After the Spring Election in Whitewater (‘Big changes require big discussions. Those aren’t discussions with a board, or the district leadership team, they’re discussions with the community. Those aren’t discussions through a board, administrator, or principal, they are discussions from the superintendent directly with the community in large settings….It’s now clear that the administration will not be able to carry on successfully without a dialogue and reconciliation with community groups. There’s been some talk about the role of the superintendent and the board, but that’s secondary as a practical matter. It’s the relationship of the superintendent to the community that this electorate expects to be addressed’). 

‘Some College, No Degree’ Isn’t Whitewater’s Problem (‘A thousand times over: Whitewater’s fundamental challenge is graduating students from Whitewater High School so that they remain engaged, lifelong learners. Students must be able to read, write, and reason adequately. These skills are not deferred talents, to be acquired in trade schools, colleges, graduate or professional programs, or only after one finds a job. This should be the mandate for our district: we are to achieve literacy, basic mathematics, and reasoning abilities in our students before they are graduated. It is impossible — impossible, damn it  — to believe that it cannot be done. There must be no letting go, no yielding, of this conviction’).

What’s the Whitewater Unified School District Board’s Mandate? (‘If the board majority now decides to embark on policies that might have been raised during the election but were not, then that majority owes the community a thorough explanation why those policies are being advanced only after the election’).

What about Management of the Whitewater Unified School District? Wasn’t That an Issue in the Last Election? (‘It is, by the way, the board’s obligation to oversee (literally, to supervise). Candidates who will not speak openly and plainly of officials before an election, but instead only sotto voce among themselves and their allies in the community, have not presented serious matters seriously.
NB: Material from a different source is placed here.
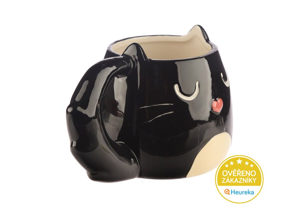 Originální keramický hrnek ve tvaru kočičí hlavičky s chlupatým ocáskem místo ucha. Káva i čaj z něj budou hned o kočičí vous lepší! V dárkové krabičce.

Incumbents who have said too little in the public meetings they have for years attended have similarly failed in their obligation to transparent, responsible government. Talking to your friends and cronies is not good government. Scheming with a few trolls is not good government. Crafting tactics to see what sticks is not good government. There are no monarchs or aristocrats here, and no secret rituals. We have a Whitewater Unified School District and not a Whitewater United Magic Kingdom’).

The Pool (‘The rational course is a settlement that assures ongoing operation at minimal cost while further discussions on medium and long-term solutions are crafted. A reduction in political temperature — down to, let’s say, negative 30 Fahrenheit — would serve this community well’).